Records.
──────────

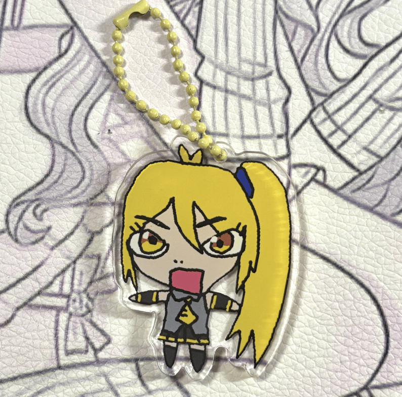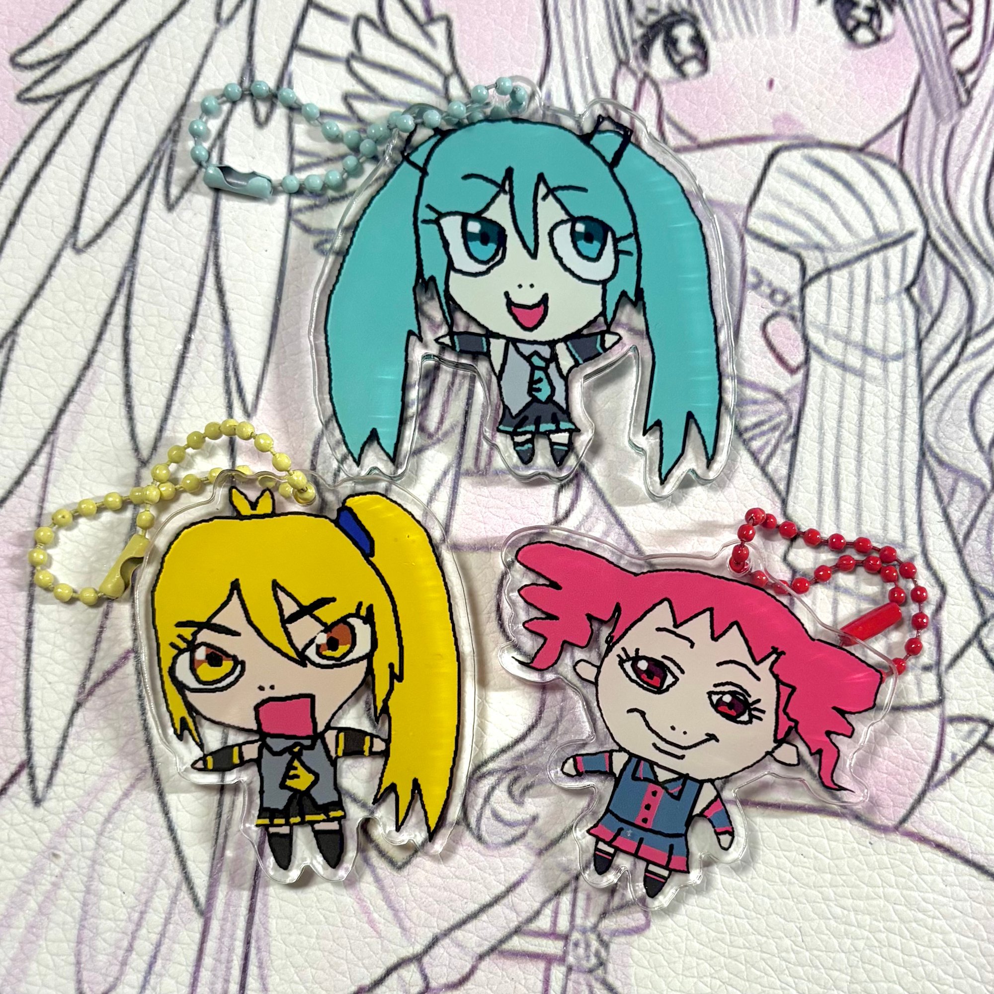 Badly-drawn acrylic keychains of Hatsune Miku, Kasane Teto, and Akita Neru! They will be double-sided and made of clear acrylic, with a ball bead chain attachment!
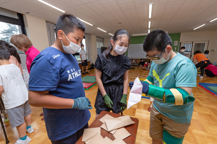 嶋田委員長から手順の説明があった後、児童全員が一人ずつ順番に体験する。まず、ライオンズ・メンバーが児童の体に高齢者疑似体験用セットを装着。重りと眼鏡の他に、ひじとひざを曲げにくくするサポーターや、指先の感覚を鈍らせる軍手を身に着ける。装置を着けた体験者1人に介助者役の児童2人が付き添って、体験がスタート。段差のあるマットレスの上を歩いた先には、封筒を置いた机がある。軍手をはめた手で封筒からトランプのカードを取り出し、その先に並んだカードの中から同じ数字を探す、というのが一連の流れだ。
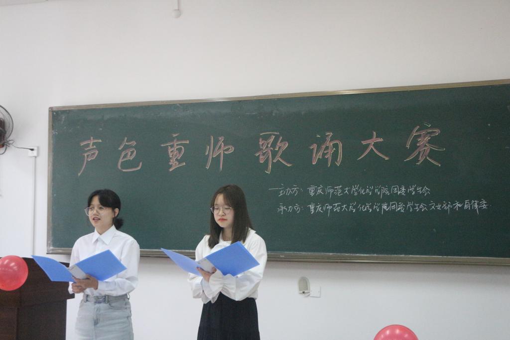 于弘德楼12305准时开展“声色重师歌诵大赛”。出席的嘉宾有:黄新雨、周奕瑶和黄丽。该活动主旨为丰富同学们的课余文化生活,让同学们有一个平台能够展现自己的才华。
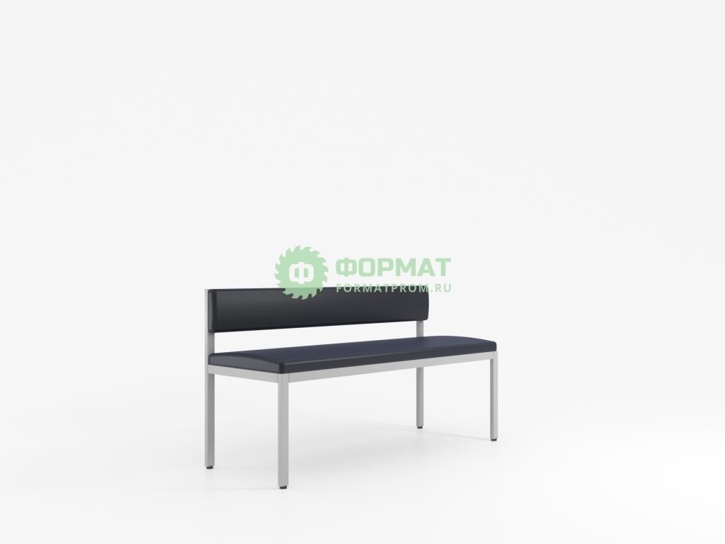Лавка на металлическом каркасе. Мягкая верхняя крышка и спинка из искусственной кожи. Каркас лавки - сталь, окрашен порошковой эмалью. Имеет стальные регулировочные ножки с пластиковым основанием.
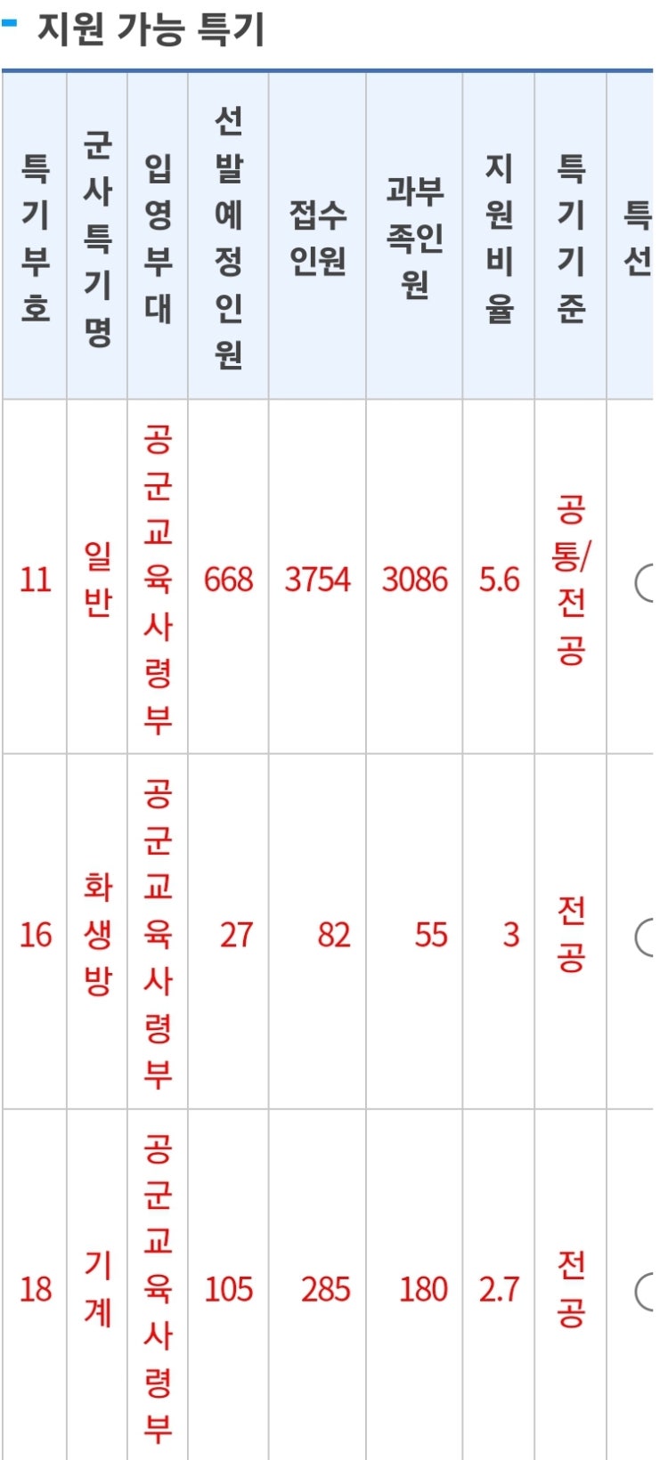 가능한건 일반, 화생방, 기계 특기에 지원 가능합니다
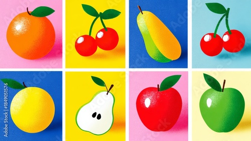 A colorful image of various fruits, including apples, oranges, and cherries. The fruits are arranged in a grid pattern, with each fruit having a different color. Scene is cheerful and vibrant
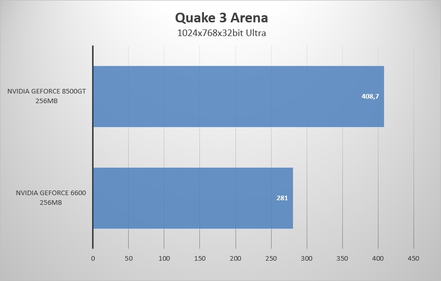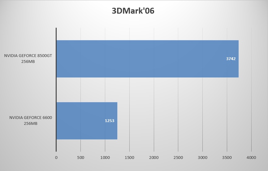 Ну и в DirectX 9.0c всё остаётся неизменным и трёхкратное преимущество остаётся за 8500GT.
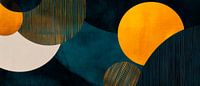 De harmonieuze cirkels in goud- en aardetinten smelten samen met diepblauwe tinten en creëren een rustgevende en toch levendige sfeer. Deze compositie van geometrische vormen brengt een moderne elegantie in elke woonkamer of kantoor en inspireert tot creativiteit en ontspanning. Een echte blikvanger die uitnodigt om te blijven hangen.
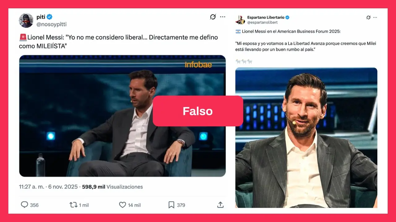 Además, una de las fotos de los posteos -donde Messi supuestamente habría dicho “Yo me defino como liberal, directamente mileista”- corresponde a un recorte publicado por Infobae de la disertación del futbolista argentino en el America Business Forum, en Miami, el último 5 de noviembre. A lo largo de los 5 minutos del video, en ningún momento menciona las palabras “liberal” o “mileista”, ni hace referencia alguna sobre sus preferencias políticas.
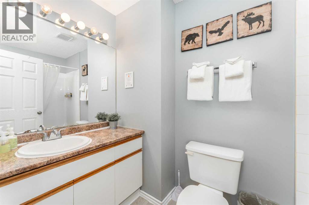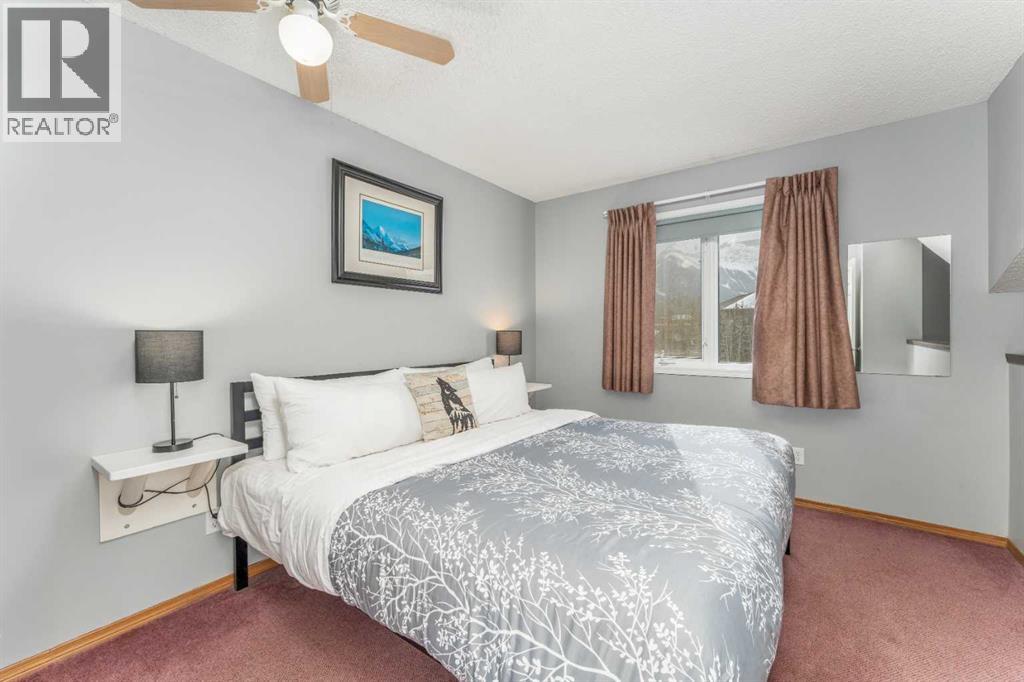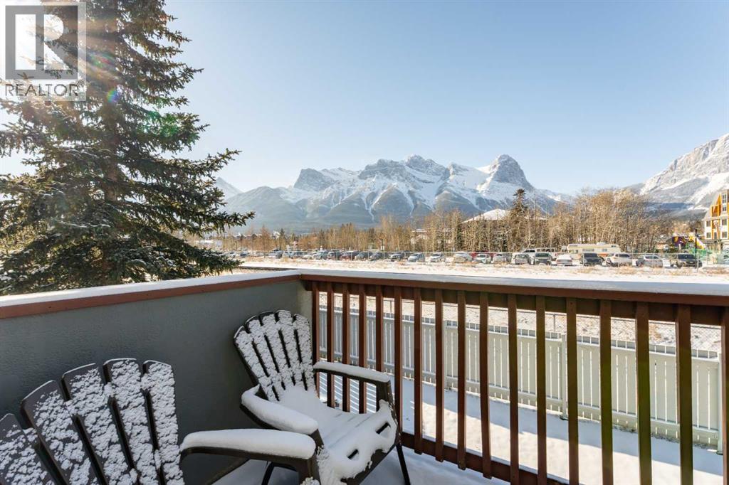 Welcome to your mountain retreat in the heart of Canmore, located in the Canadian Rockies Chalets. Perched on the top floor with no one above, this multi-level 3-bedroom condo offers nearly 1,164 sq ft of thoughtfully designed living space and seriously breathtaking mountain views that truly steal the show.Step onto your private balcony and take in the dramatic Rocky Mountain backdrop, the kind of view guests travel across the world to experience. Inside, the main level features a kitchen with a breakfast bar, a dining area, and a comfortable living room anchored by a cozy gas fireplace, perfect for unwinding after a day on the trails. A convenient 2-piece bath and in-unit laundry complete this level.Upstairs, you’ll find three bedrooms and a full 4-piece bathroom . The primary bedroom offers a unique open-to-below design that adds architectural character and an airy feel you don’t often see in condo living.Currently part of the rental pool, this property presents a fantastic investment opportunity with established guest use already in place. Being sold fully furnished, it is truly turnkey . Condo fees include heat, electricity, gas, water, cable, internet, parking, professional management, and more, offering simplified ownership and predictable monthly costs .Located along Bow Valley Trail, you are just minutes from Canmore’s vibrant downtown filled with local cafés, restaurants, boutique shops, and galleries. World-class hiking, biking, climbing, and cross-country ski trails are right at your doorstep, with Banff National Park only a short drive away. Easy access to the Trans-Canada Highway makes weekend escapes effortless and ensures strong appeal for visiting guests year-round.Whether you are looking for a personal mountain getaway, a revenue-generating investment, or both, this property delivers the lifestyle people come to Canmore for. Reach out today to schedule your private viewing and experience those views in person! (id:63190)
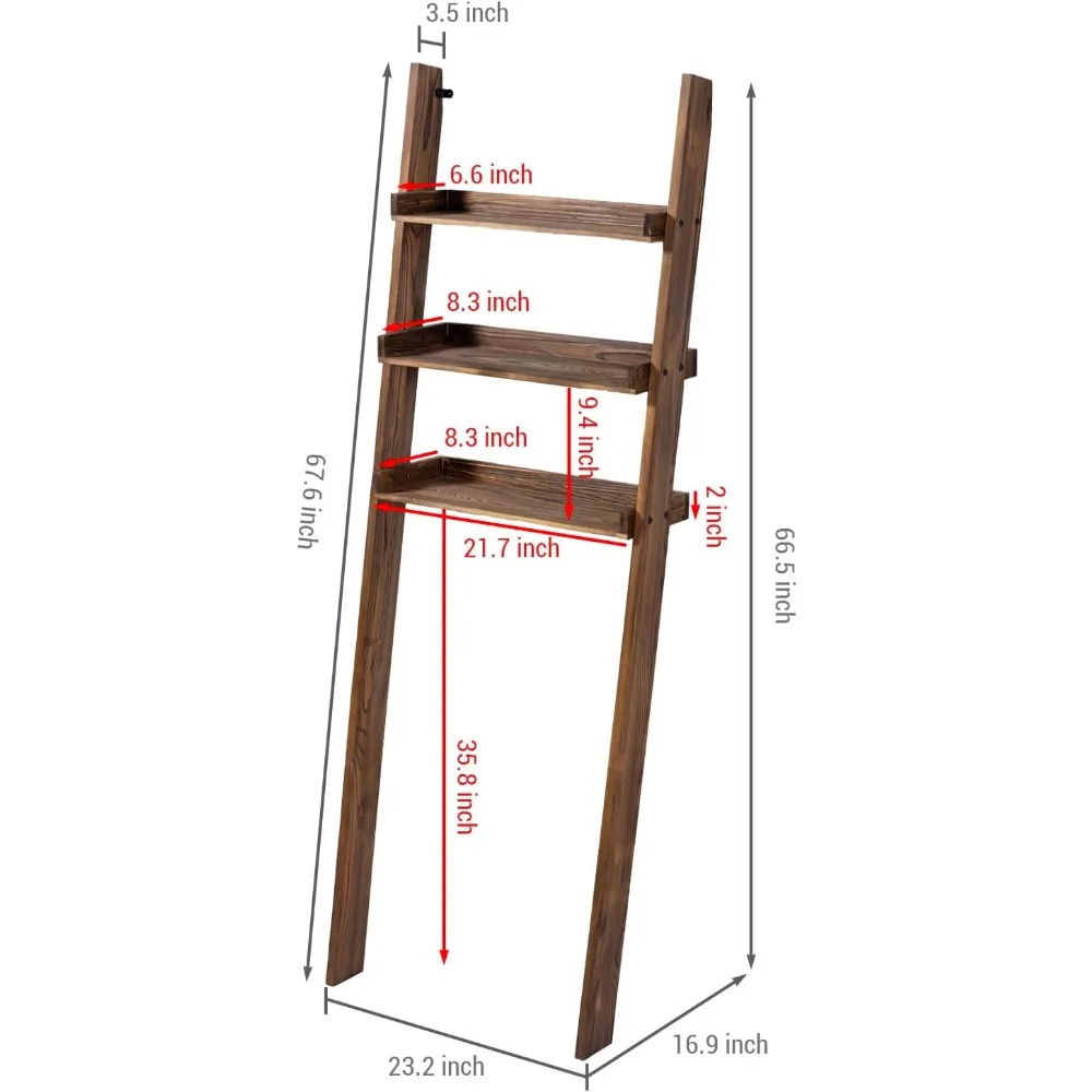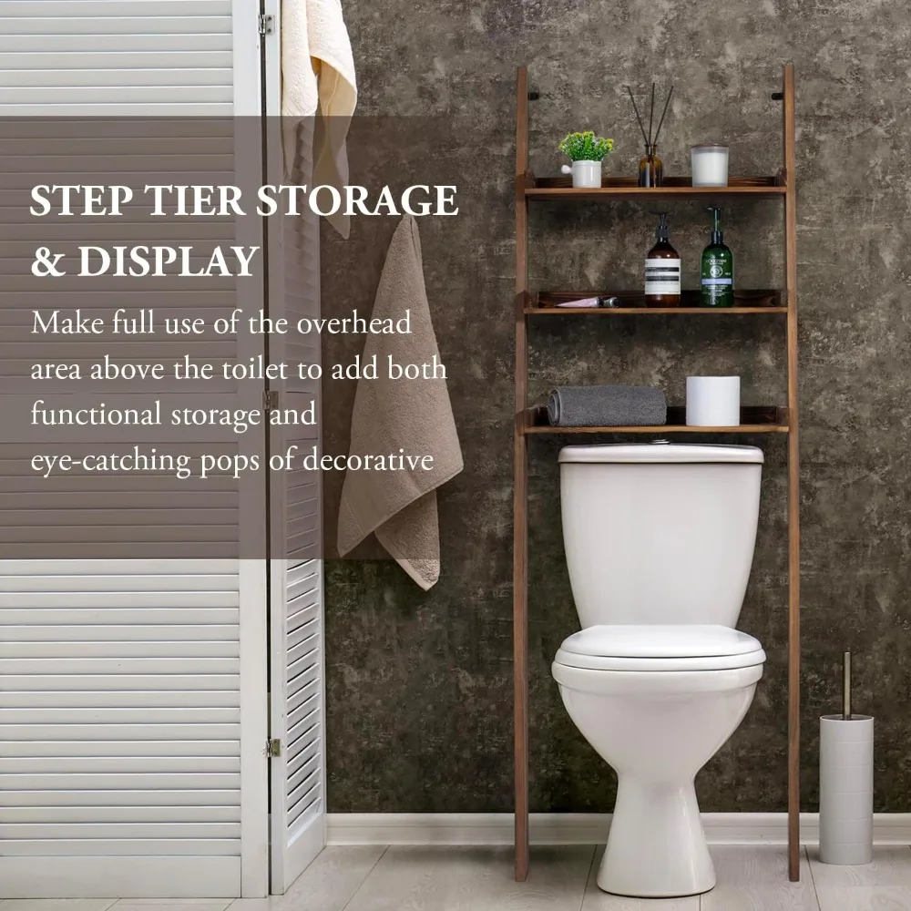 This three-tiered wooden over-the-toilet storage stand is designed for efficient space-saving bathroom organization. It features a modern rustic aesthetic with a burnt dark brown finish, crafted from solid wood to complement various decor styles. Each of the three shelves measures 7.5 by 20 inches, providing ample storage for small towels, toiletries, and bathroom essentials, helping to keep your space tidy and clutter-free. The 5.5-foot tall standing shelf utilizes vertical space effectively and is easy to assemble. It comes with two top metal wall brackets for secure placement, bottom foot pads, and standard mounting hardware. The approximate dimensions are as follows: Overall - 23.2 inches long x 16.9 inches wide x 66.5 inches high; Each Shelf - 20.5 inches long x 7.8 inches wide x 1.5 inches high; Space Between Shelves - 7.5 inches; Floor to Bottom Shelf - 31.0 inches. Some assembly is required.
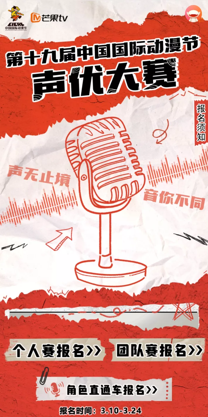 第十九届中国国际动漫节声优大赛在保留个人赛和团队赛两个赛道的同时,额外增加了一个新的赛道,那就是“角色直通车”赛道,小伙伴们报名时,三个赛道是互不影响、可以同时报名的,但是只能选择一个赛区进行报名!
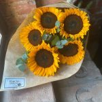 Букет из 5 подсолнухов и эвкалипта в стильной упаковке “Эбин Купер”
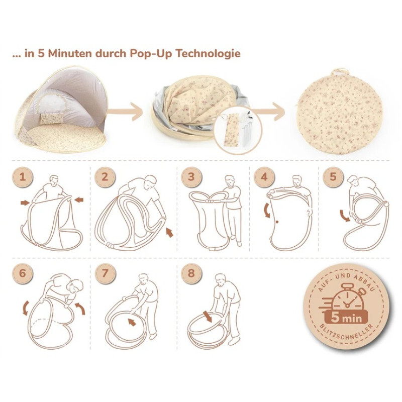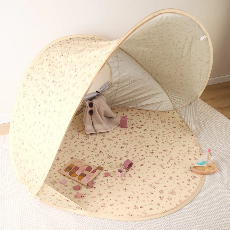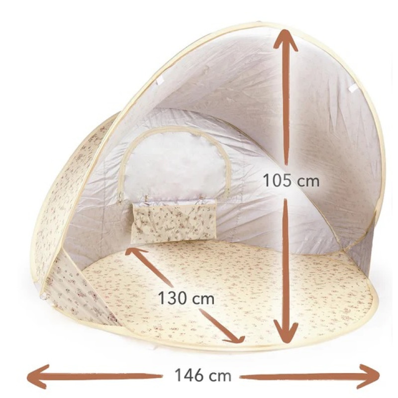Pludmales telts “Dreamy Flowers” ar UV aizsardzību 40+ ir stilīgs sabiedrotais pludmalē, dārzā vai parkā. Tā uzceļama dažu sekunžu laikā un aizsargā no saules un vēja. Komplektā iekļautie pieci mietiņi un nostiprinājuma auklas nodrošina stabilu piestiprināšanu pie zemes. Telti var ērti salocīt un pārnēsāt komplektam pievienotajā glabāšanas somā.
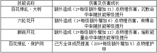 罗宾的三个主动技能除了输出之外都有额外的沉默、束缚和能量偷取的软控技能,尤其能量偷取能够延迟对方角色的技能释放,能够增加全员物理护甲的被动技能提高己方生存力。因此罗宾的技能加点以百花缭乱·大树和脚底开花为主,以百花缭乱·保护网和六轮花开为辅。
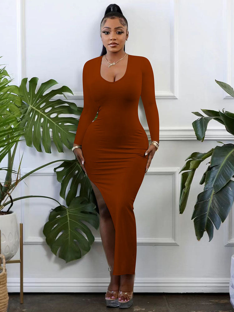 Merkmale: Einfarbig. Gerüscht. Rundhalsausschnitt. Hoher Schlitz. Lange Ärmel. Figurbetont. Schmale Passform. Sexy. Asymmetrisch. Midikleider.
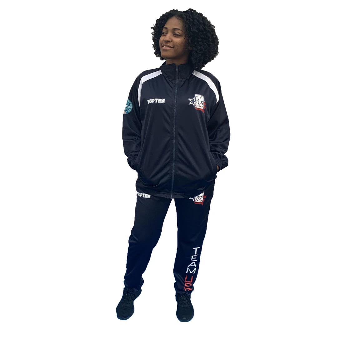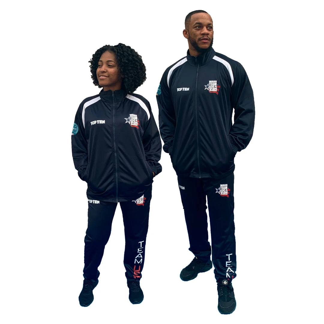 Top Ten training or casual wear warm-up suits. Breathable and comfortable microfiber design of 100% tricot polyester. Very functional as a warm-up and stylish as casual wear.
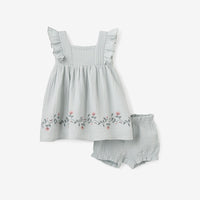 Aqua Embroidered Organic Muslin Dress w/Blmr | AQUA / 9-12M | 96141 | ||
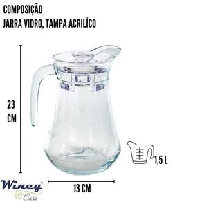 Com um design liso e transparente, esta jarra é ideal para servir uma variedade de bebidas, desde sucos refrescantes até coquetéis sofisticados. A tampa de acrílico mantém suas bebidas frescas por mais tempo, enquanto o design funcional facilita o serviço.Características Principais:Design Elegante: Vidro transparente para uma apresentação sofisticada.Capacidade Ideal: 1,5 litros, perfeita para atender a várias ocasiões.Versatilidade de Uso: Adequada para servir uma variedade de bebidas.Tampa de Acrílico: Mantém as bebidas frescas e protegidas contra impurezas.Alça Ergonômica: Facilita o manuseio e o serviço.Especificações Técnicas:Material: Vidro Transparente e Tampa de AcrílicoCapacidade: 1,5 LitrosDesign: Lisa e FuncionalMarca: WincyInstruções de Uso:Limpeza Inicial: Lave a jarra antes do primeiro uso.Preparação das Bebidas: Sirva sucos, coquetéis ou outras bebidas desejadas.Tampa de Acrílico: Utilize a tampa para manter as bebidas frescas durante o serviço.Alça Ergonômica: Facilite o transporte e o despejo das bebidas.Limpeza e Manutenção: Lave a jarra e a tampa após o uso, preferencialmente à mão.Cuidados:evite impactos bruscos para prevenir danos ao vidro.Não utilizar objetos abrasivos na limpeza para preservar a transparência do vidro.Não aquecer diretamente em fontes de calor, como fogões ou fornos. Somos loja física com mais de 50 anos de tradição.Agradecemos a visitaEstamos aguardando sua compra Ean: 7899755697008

──────────

Directions. The answer must be the lines from the first one in the records through the line containing "Además, una de", copied exactly, with no pictures.

Response to this exercise.
 Badly-drawn acrylic keychains of Hatsune Miku, Kasane Teto, and Akita Neru! They will be double-sided and made of clear acrylic, with a ball bead chain attachment!
 嶋田委員長から手順の説明があった後、児童全員が一人ずつ順番に体験する。まず、ライオンズ・メンバーが児童の体に高齢者疑似体験用セットを装着。重りと眼鏡の他に、ひじとひざを曲げにくくするサポーターや、指先の感覚を鈍らせる軍手を身に着ける。装置を着けた体験者1人に介助者役の児童2人が付き添って、体験がスタート。段差のあるマットレスの上を歩いた先には、封筒を置いた机がある。軍手をはめた手で封筒からトランプのカードを取り出し、その先に並んだカードの中から同じ数字を探す、というのが一連の流れだ。
 于弘德楼12305准时开展“声色重师歌诵大赛”。出席的嘉宾有:黄新雨、周奕瑶和黄丽。该活动主旨为丰富同学们的课余文化生活,让同学们有一个平台能够展现自己的才华。
Лавка на металлическом каркасе. Мягкая верхняя крышка и спинка из искусственной кожи. Каркас лавки - сталь, окрашен порошковой эмалью. Имеет стальные регулировочные ножки с пластиковым основанием.
 가능한건 일반, 화생방, 기계 특기에 지원 가능합니다
 A colorful image of various fruits, including apples, oranges, and cherries. The fruits are arranged in a grid pattern, with each fruit having a different color. Scene is cheerful and vibrant
 Ну и в DirectX 9.0c всё остаётся неизменным и трёхкратное преимущество остаётся за 8500GT.
 De harmonieuze cirkels in goud- en aardetinten smelten samen met diepblauwe tinten en creëren een rustgevende en toch levendige sfeer. Deze compositie van geometrische vormen brengt een moderne elegantie in elke woonkamer of kantoor en inspireert tot creativiteit en ontspanning. Een echte blikvanger die uitnodigt om te blijven hangen.
 Además, una de las fotos de los posteos -donde Messi supuestamente habría dicho “Yo me defino como liberal, directamente mileista”- corresponde a un recorte publicado por Infobae de la disertación del futbolista argentino en el America Business Forum, en Miami, el último 5 de noviembre. A lo largo de los 5 minutos del video, en ningún momento menciona las palabras “liberal” o “mileista”, ni hace referencia alguna sobre sus preferencias políticas.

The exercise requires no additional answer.